Una lettera carica di dolore ma anche di orgoglio, parole struggenti ma fiere di un fratello travolto dalla tristezza. Roger Lee Hayden ha voluto salutare a modo suo il fratello Nicky, dedicandogli una lettera commovente ma allo stesso tempo simpatica accompagnata dalla foto che li ritrae insieme la domenica della gara di Valencia nel 2006, quando Nicky si laureò campione del mondo in MotoGP.
“Nicky, fratello mio, non pensavamo che la nostra storia finisse così. Eri stato campione del mondo per una ragione. Non avevo mai incontrato nessuno che desiderasse correre in moto quanto te. Ricordo quando stavamo crescendo, dividevamo la stanza e tu studiavi gli appunti che avevi preso la gara prima, avevamo 12 o 13 anni. Non dimenticherò mai il lunedì dopo la tua vittoria nel campionato del monto, mi svegliasti per andare a correre. È quello che di differenziava da tutti gli altri e che ha fatto di te una leggenda”.
“Posso continuare. Ci hai reso tutti migliori, perché quando ne eri qui, ci allenavamo in moto o in bici per diminuire il gap quando lo avremmo fatto con te. Mi hai spinto al mio massimo, ma cosa più importante ricorderò il fratello che eri. Eri una leggenda delle corse e un fratello. C’eri sempre per me a prescindere di cosa ti capitasse. Volevi aiutare, sono contento che tu abbia potuto vedermi al mio meglio nell’ultimo paio di anni, non solo in moto, ma soprattutto nella vita”.
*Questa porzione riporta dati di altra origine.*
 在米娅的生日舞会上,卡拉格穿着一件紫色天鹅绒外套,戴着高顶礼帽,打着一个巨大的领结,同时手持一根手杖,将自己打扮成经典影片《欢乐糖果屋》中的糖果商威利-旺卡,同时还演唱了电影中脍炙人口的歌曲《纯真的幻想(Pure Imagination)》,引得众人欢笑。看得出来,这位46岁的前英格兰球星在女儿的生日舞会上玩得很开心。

“Posso sedermi qui e chiedermi il perché di questo tutto il giorno, ma invece voglio essere grato per avere avuto un fratello come te per 33 anni. Non preoccuparti, terrò sotto controllo le nostre nipoti, non avranno un ragazzo finché non andranno all’università e insegnerò ai nipoti cosa serve per essere un campione nel caso vogliano prendere quella strada”.
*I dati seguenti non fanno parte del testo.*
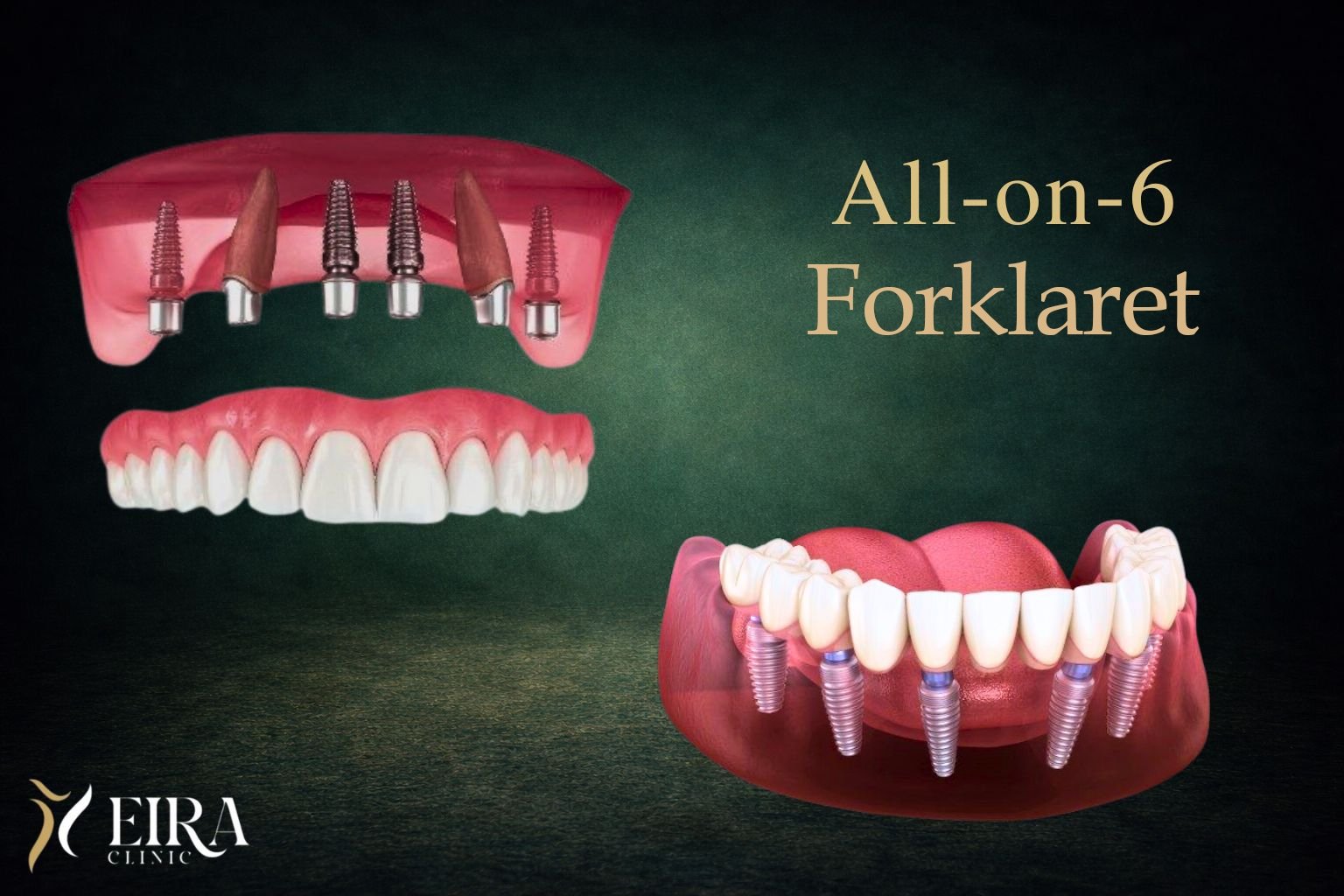 All-on-6 er en fuldbue-teknik med tandimplantater, der bruger seks implantater til at støtte et fast sæt tænder i enten over- eller underkæben.

“Questa foto per me è speciale, perché dopo un po’ di sfortuna il tuo titolo mondiale sembrava che il titolo fosse andato, ti avevo sostenuto e ti avevo detto che era ancora il tuo anno, e quella è stato la cosa che hai fatto quando ti ho visto sul podio”.
“Anche durante questi momenti incredibilmente difficili ho conservato la mia fede, credo che se dio vuole prenderti con sé lo farà nonostante tutto. Correremo ancora insieme, ti voglio bene”.